As you measure, you can return to the drawing board and adjust your life’s design. It’s a cyclical process and we are never a finished product.
Conclusion
I took a class in college called How to Live a Good Life. Although the class wasn’t all that I had hoped for, the professor said something that has stuck with me since: hope is not a strategy.
I hope-humor intended-that approaching your life as design project that you create, rather than something that happens to you, will allow you to look back on all of it with a lot more satisfaction than if you had ridden out the waves to wherever they would take you.
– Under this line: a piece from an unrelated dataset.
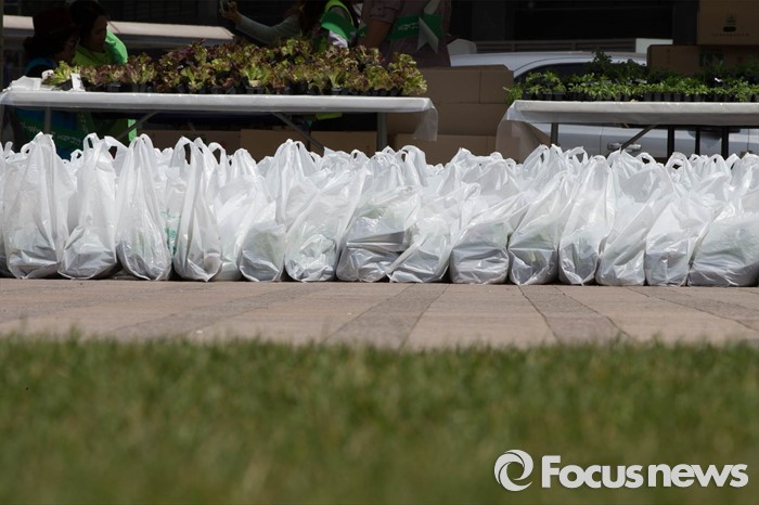 (서울=포커스뉴스) 12일 오후 서울시청 광장에서 열린 채소 모종 나눔행사에서 모종이 담긴 비닐봉지가 바닥에 놓여져 있다.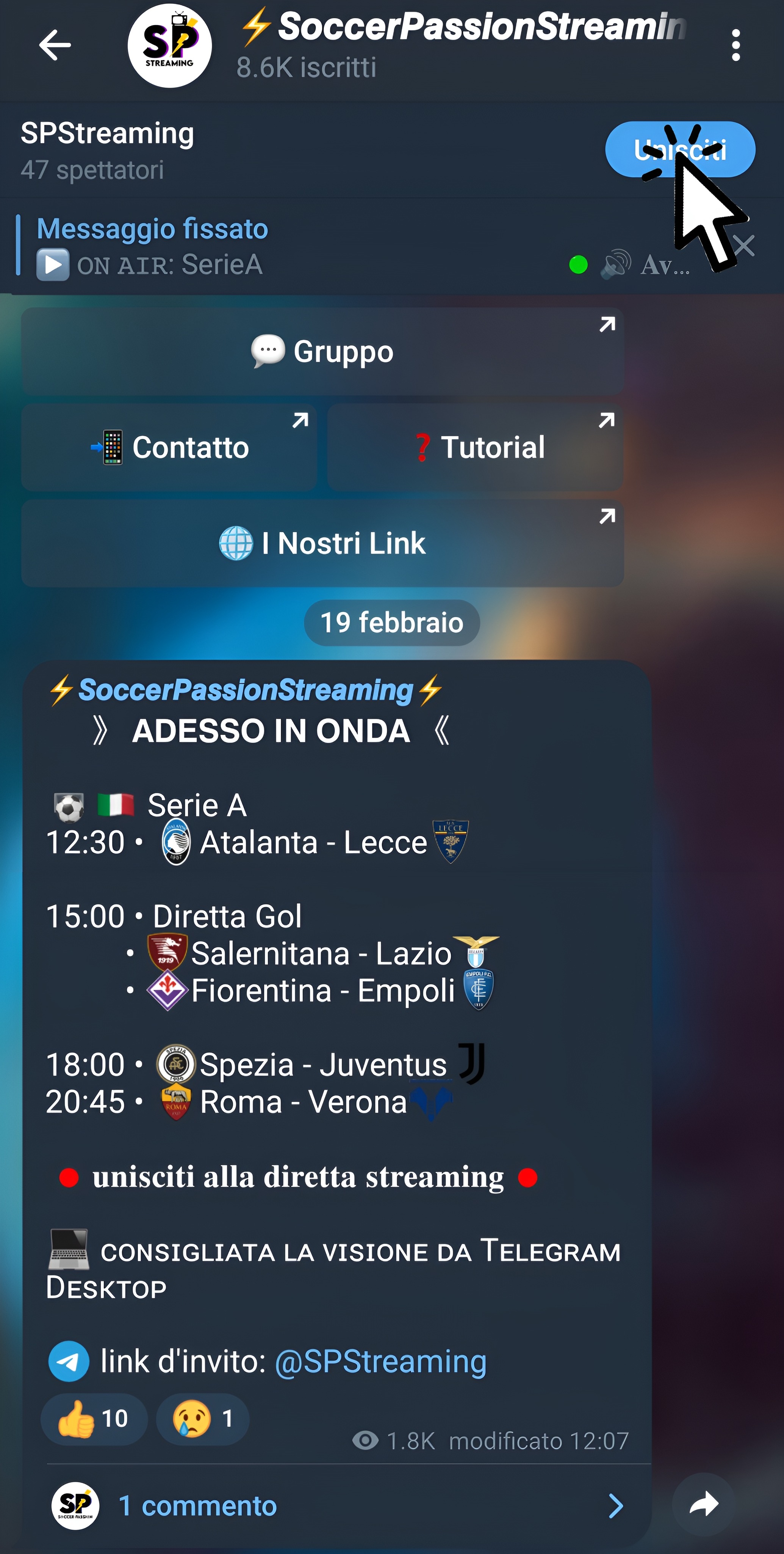 TUTORIAL PER AVVIARE LO STREAMINGPer avviare lo streaming dovrai cliccare il bottone "Unisciti" in alto a destra:

After you know who you are, have a starting step of what you want to do, and a game plan for how to get there, it’s time to step in the direction of your goals with action. Keep in mind that as you move, you’ll make adjustments as you discern your ability levels, resources, and desirability of your end-goal; what you set out to do may be harder or easier than you thought, require more or less time, money, connections, or products, or may end up being something you don’t want as much as you thought you did. Adjusting your goals isn’t failure; it’s wisdom.
New Year’s is in one month but it’s never too early to start moving the life you want tomorrow into your game plan today.